The first three posts in this series were a lot of fun but ultimately they were all just setting the stage for being able to do cool things. It's now time to start tying these pieces together to light up some basic functionality with Alexa and my new living room API. For now I'm going to leave out the whole listings search piece and simply expose some remote control commands.

Alexa Skill

First I'll need to add a definition for a new Alexa skill in Amazon's Developer Console. For it's invocation name I'm using tv, so that it can be invoked via Alexa, tell the TV to... and Alexa, ask the TV to.... You can get a little more flexibility with this format if you have a published skill, but unfortunately since there is no support for publishing private skills I'll be limited to this format since I'll need to keep it in development mode.
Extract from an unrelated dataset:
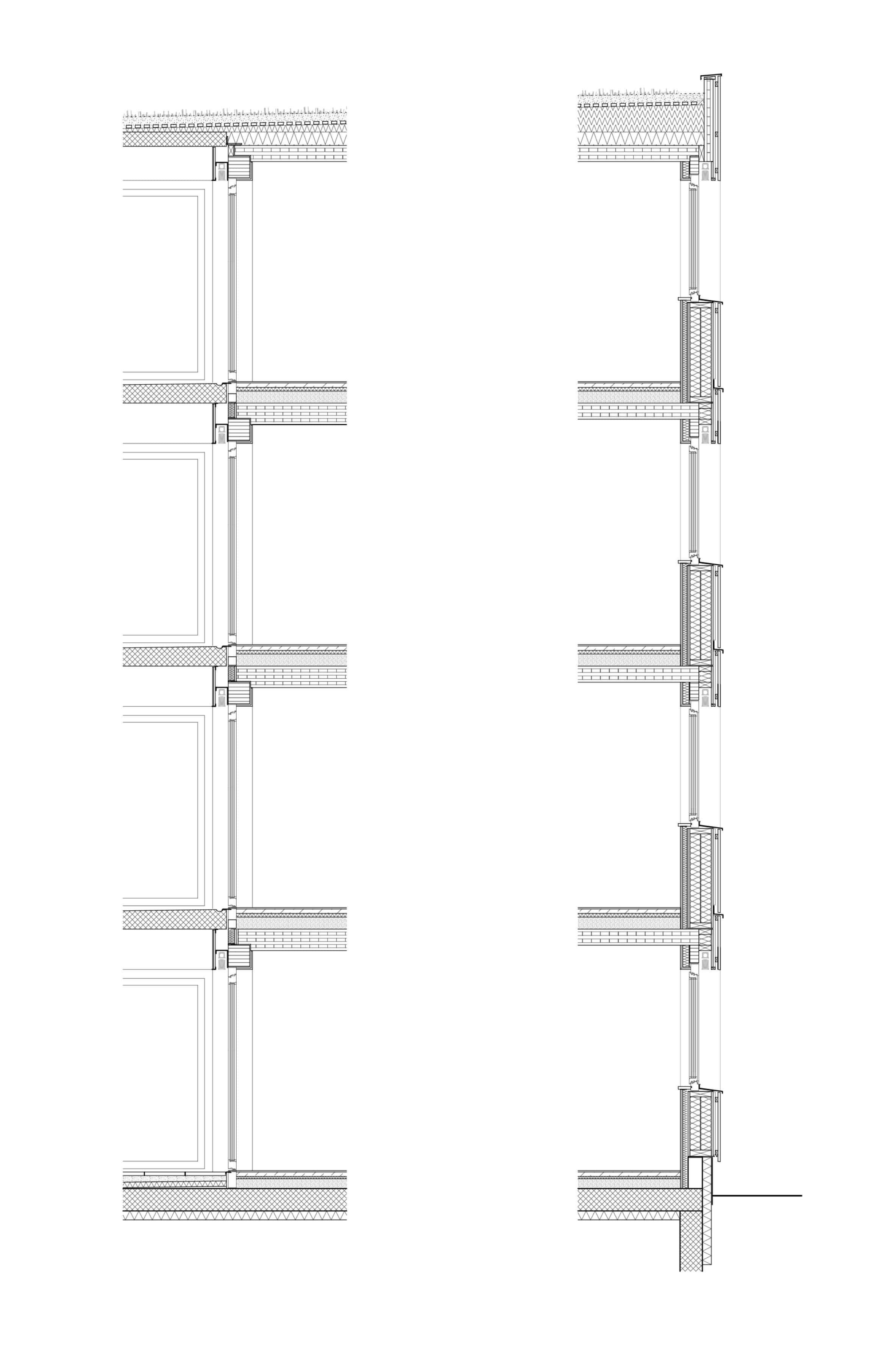 Die Hauptelemente sind lastabtragende Holzrahmen-Außenwände, Brettsperrholz für Treppenraum, Liftschacht und Geschoßdecken sowie je Gebäudeteil eine lastabtragende Innenwand in Längsrichtung. Sämtliche nicht lastabtragenden Innenwände sind in Trockenbauweise kostengünstig ergänzt worden. Durch diese Konstruktion sind die Holzbauteile mit einem hohen Vorfertigungsgrad und gleichen Formaten einsetzbar, was Kosten und Bauzeit spart. Durch den Einsatz von Brettsperrholz für das Treppenhaus und den Liftschacht sind Montage, Toleranzen und Genauigkeit in einem Gewerk gebunden und erzeugen keine zusätzliche Schnittstelle. Der Zimmermann ist für den Rohbau des gesamten Gebäudes zuständig und verantwortlich, er setzt auch die Fertigteil-Betontreppenläufe des Treppenhauses. Im Inneren sind nur die Decken als Holzoberfläche sichtbar. Um den Schallschutz auf hohem Niveau zu gewährleisten, wird darauf geachtet, dass die Decken durch das Trennen an der Wohnungstrennwand keine wohnungsübergreifenden Schallbrücken erzeugen – die Decken sind mit 15 cm ungebundener Kiesschüttung beschwert. Das äußere Kleid bildet eine hinterlüftete, vorvergraute Wechselfalz-Fichtenfassade.

It's certainly not the end of the world, though, since this is the format most Alexa skills adhere to.

Interaction Model

Next up is defining the rest of the interaction model for the skill. In the schema I'm just going to define one intent for now, to allow for directly running a remote control command:

{
  "intents": [
    {
      "intent": "DirectCommand",
      "slots": [
        {
          "name": "command",
          "type": "command_name"
        },
        {
          "name": "target",
          "type": "command_target"
        }
      ]
    }
  ]
}

In this schema I've also defined a couple custom slots to capture data from the spoken command. The command_name will capture the actual control command, and is defined as:

pause | volume up | volume down | play | fast forward | mute

As I want to add support for more commands I can just add some more in here.

The command_target_ slot isn't going to be particularly useful in this post, but the idea is that it can help capture some more context around the command to allow for something like Alexa, tell the TV to pause the movie. This could end up being useful to make the skill handler a little more intelligent down the line.

Finally, I need to provide Amazon with some sample utterances for the skill:

DirectCommand {command}
DirectCommand {command} the {target}
DirectCommand {command} {target}

This tells Alexa to map these phrase structures to the DirectCommand intent, and how to map the slots so we can access them in code. Before defining the rest of the skill configuration we'll need to set up a new Azure function to handle the skill, so let's do that now.

Skill Handler

To handle the skill requests I created a new Azure Function named RemoteSkill that has HTTP input and output bindings:

{
  "bindings": [
    {
      "authLevel": "anonymous",
      "name": "req",
      "type": "httpTrigger",
      "direction": "in",
      "methods": [
        "post"
      ]
    },
    {
      "name": "res",
      "type": "http",
      "direction": "out"
    }
  ],
  "disabled": false
}

I'll also need to pull in a few dependencies in project.json:

{
  "frameworks": {
    "net46":{
      "dependencies": {
        "FSharp.Interop.Dynamic": "3.0.0",
        "AlexaSkillsKit.NET": "1.5.1",
        "FSharp.Data": "2.3.2"
      }
    }
  }
}

Here I'm pulling in a nice library called AlexaSkillsKit.NET that handles the parsing of Alexa requests, and more importantly, signature validation on those requests to make sure I only accept requests coming from Amazon.

Running Commands

In order to run any commands the function will need to talk to the Harmony API defined in the previous post. To facilitate that I created a file named commands.fsx that contains some helpers to do just that:

module Commands

open System
open FSharp.Data

type CommandsResponse = JsonProvider<""" {"commands":[{"name":"VolumeDown","slug":"volume-down","label":"Volume Down"}]} """>

let getCommand (label: string) =
    let url = sprintf "%s/commands" (Environment.GetEnvironmentVariable("HarmonyApiUrlBase"))
    let authHeader = "Authorization", (Environment.GetEnvironmentVariable("HarmonyApiKey"))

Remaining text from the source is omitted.